March 9, 2021
POLITIK & INSTANSI

Darmika: Pilkel Harus Utamakan Demokrasi

LiterasiPost.com, Badung –
I Wayan Darmika kembali ikut “bertarung” pada Pemilihan Perbekel (Pilkel) Desa Sibang Gede periode 2021-2027 yang akan berlangsung pada Minggu (7/2/2021).

Pernah menduduki jabatan sebagai Perbekel pada periode sebelumnya, tentu dalam pemilihan kali ini Darmika tidak muluk-muluk menawarkan program-program ke masyarakat. Pada intinya dirinya ingin melanjutkan program atau pembangunan yang sudah berjalan.

BACA JUGA :  Temu Media, Pangdam Tekankan Kesadaran Cegah Covid-19

“Saya ingin melanjutkan program-program yang sudah berjalan dan yang masih tertunda. Jika diberikan kepercayaan oleh masyarakat sebagai Perbekel kembali, maka semua itu akan saya lanjutkan di periode mendatang,” ujar Darmika saat ditemui di rumahnya, Banjar Pekandelan, Desa Sibang Gede, Kecamatan Abiansemal, Kabupaten Badung, baru-baru ini.

Calon Perbekel nomor urut 3 ini menjelaskan, dalam membangun desa umumnya berpedoman pada konsep Tri Hita Karana. Di bagian Parhyangan (hubungan dengan Tuhan), akan dilakukan renovasi bangunan Pura Desa dan Puseh meliputi Bale Piyasan dan Bale Agung. Mengingat Pura tersebut termasuk cagar budaya maka bangunan-bangunan atau pelinggih yang sudah ada secara umum tetap dipertahankan dan kebetulan kondisinya masih baik.

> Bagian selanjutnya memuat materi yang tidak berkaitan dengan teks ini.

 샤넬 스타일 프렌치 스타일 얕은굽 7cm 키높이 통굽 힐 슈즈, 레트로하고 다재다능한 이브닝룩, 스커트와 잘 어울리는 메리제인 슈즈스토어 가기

BACA JUGA :  HUT ke-233 Kota Denpasar, Jaya Negara: Menuju Denpasar MAJU Dengan Konsep "Menyama Braya"

Di bagian Palemahan (hubungan dengan lingkungan), dirinya akan memprioritaskan pada sektor pertanian mengingat sekitar 85 masyarakat Desa Sibang Gede sebagai petani. “Dulu kami poskan dari Dana Desa untuk membantu 6 subak yang ada, yakni subak basah dan subak kering. Karena anggaran terbatas, belum semua subak mendapat bantuan. Di periode mendatang saya rancang bantuan lanjutan di antaranya untuk membangun jalan usaha tani,” ungkapnya.

Kemudian di bagian Pawongan (hubungan dengan sesama manusia), Darmika akan menggeliatkan sektor UMKM atau ekonomi produktif dengan membantu masyarakat ekonomi lemah seperti pedagang, tukang, dan petani. “Dulu lewat APBDes kita poskan bantuan Rp7,5 juta per orang, saya mau lanjutkan nanti, mudah-mudahan pandemi segera berlalu,” sebut pria yang juga mengabdikan dirinya sebagai Jro Mangku (rohaniwan) ini.

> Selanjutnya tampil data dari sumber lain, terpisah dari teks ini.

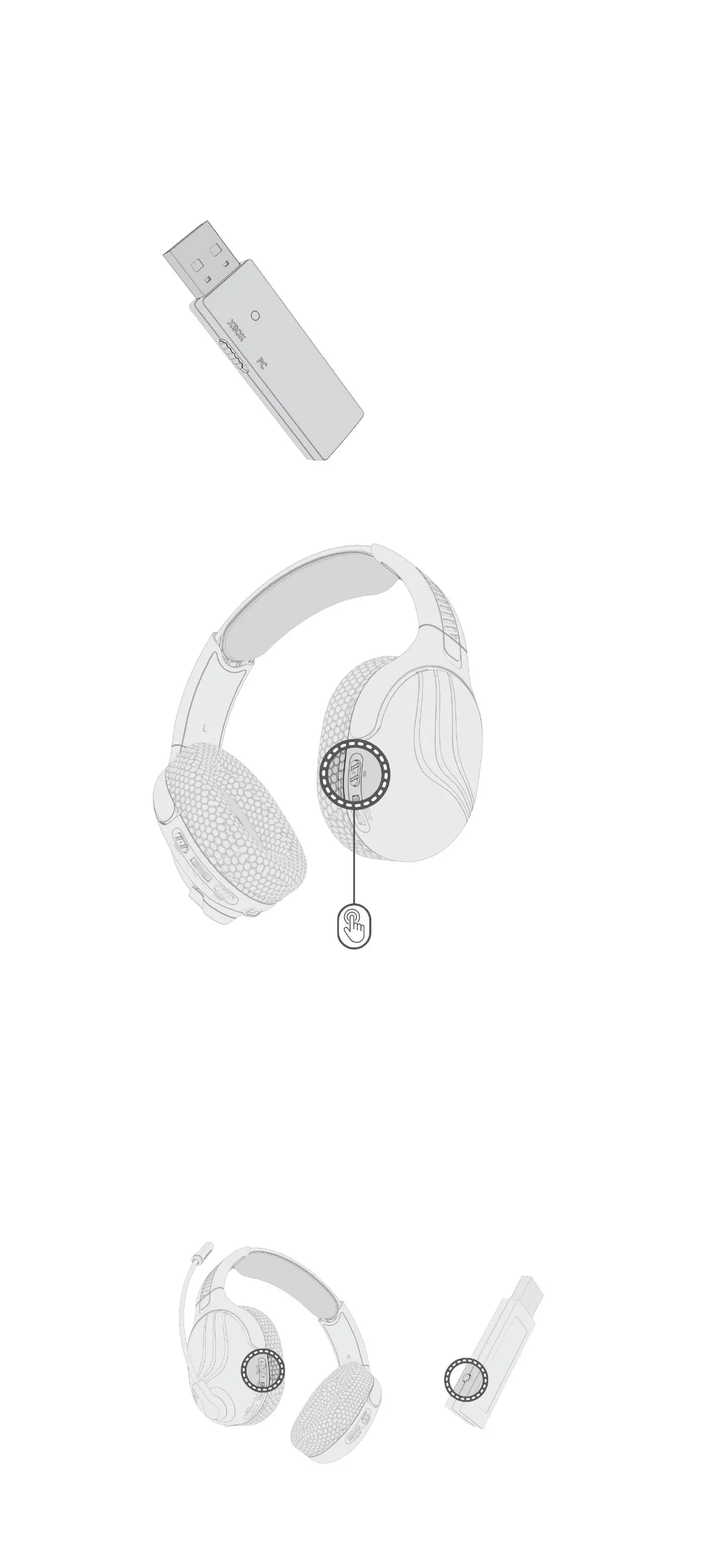 c. Quindi, tenere premuto il pulsante di accensione sulla cuffia fino a quando non si abbina con il dongle e il LED
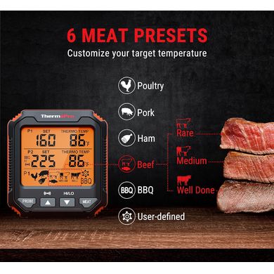 Das Grill- und Küchenthermometer mit 2 Edelstahlsonden ist für alle Lebensmittel und Flüssigkeiten geeignet. Es gibt6 voreingestellte Fleischtemperaturen und 3 Bräunungsstufen, mit denen Sie die Temperatur Ihrer Speisen nach Ihren Wünschen anpassen können. Legen Sie eine Zieltemperatur fest, und dieses digitale Speisenthermometer erinnert Sie daran, zum richtigen Zeitpunkt mehr Brennstoff in Ihren Smoker oder Ofen zu geben. Das Thermometer ist bis auf ±1 °C genau und macht Sie innerhalb von Sekunden auf die kleinste Temperaturänderung aufmerksam. Mit einem weiten Temperaturbereich von 0°C bis +300°C ist es für alle Herde und Kochsituationen geeignet. Das Thermometer ist mit einer benutzerfreundlichen Schnittstelle ausgestattet und lässt sich leicht einrichten und bedienen. Es gibt mehrere Möglichkeiten, das Thermometer zu positionieren, z. B. mit einemrückseitigen Magneten, einem Tischständer und einem Hakenloch.

BACA JUGA :  Tangani Kasus Skimming, BNI Apresiasi Polda Bali

Guna meningkatkan pendapatan desa, dirinya punya pemikiran untuk mengembangkan potensi pariwisata. Kebetulan di desa ini terdapat Beji (sumber air suci) yang berada di dekat Pura Dalem Gede setempat yang bisa dikembangkan menjadi wisata spiritual. Lalu, di sekitar setra (kuburan) akan dibangun jogging track serta pengembangan wisata rafting.

Disinggung peluangnya untuk memenangkan Pilkel kali ini, Darmika hanya berserah kepada masyarakat. Baginya, yang utama adalah demokratis.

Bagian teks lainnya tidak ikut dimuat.